## Record set

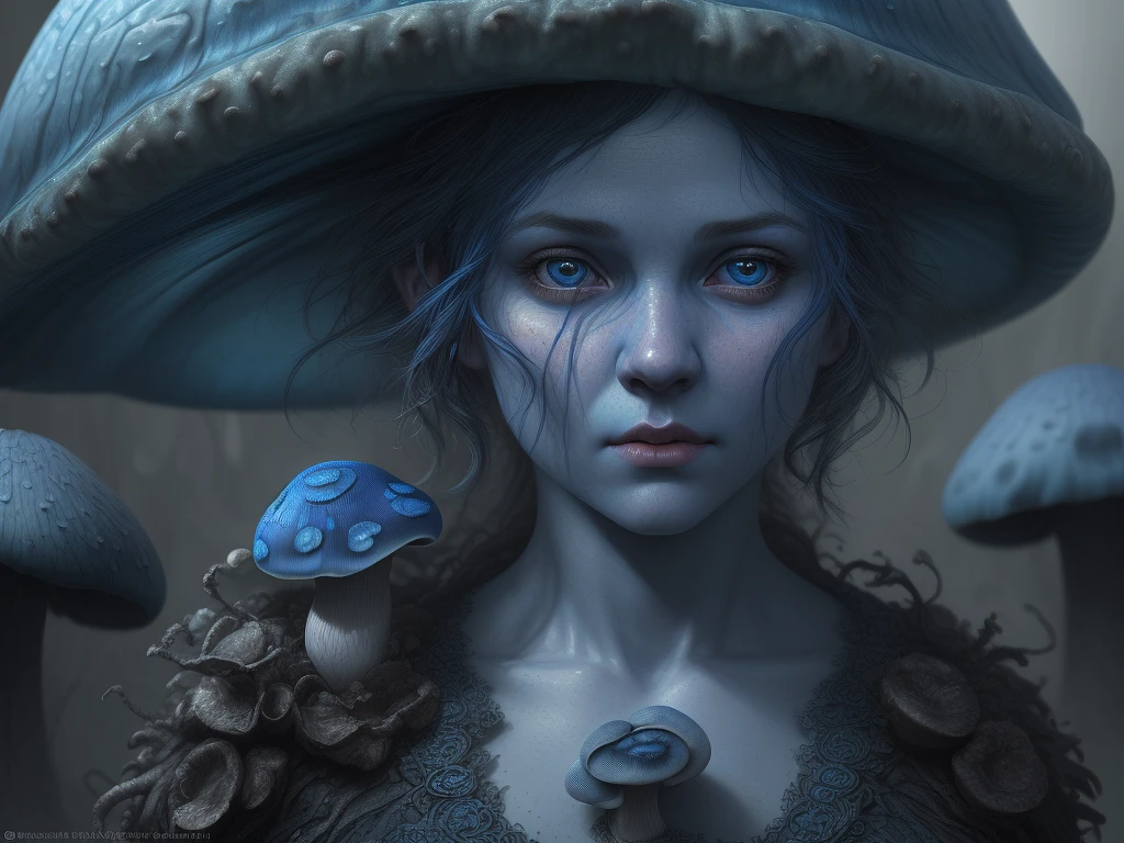 blue mushroom baby, intricate, realistic faces, detailed portraits, detailed faces, insanely detailed, vivid color, trending on artstation, 4k, hyper realistic, focused, extreme details, cinematic, masterpiece, a digital concept art by gustave dore and greg rutkowski, trending on artstation.
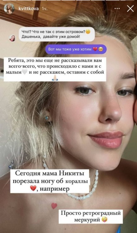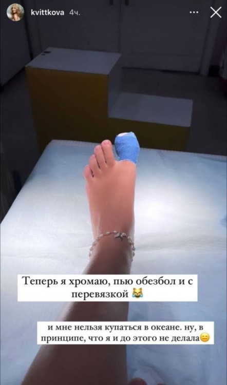Проте, блогерка вирішила не розказувати всіх подробиць. Однак, кохана телеведучого додала, що це не єдина травма, яку вона отримала. За словами Даші Квіткової, жінка випадково порізала ногу об корали.
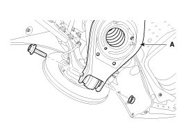Ослабьте болт и гайку и снимите задний нижний рычаг (А) с задней оси.
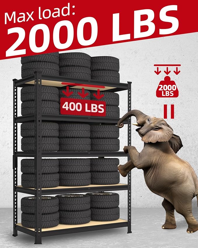 - 【Heavy Duty Garage Shelving Unit】The 5-tier heavy duty garage storage shelving unit is constructed from FSC-Certified high-quality thick MDF boards and a heavy-duty metal frame with a premium powder-coated finish surface. Each shelf layer is equipped with 1 middle support beam. It's not only sturdy and long-lasting, but also ensures the shelf maintains its appearance and performance in various environments. Each shelf holds up to 400 lbs, 5 tier shelves' total max load weight is 2000 lbs
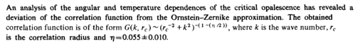 An analysis of the angular and temperature dependences of the critical opalescence has revealed a deviation of the correlation function from the Ornstein-Zernike approximation. The obtained correlation function is of the form G{k, rc)~(rc~2 + k2)~(l ~<r'/2»j where к is the wave number, rc is the correlation radius and η=0.055±0.010.
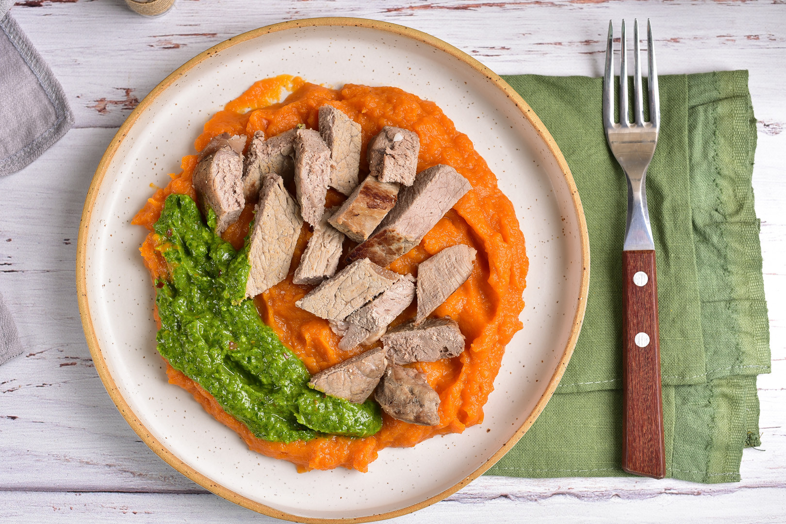 Chimichurri Steak is pieces of soft juicy beef combined with tender sweet potato puree and aromatic sauce with cilantro, parsley, garlic, and red pepper flakes. The sauce is a little spicy, however, if you add more garlic and pepper flakes, it will be hot.

## Assigned task
Beginning with the line containing "An analysis of" and ending with the last line of the material, output each line exactly; do not include pictures.

## Task answer
 An analysis of the angular and temperature dependences of the critical opalescence has revealed a deviation of the correlation function from the Ornstein-Zernike approximation. The obtained correlation function is of the form G{k, rc)~(rc~2 + k2)~(l ~<r'/2»j where к is the wave number, rc is the correlation radius and η=0.055±0.010.
 Chimichurri Steak is pieces of soft juicy beef combined with tender sweet potato puree and aromatic sauce with cilantro, parsley, garlic, and red pepper flakes. The sauce is a little spicy, however, if you add more garlic and pepper flakes, it will be hot.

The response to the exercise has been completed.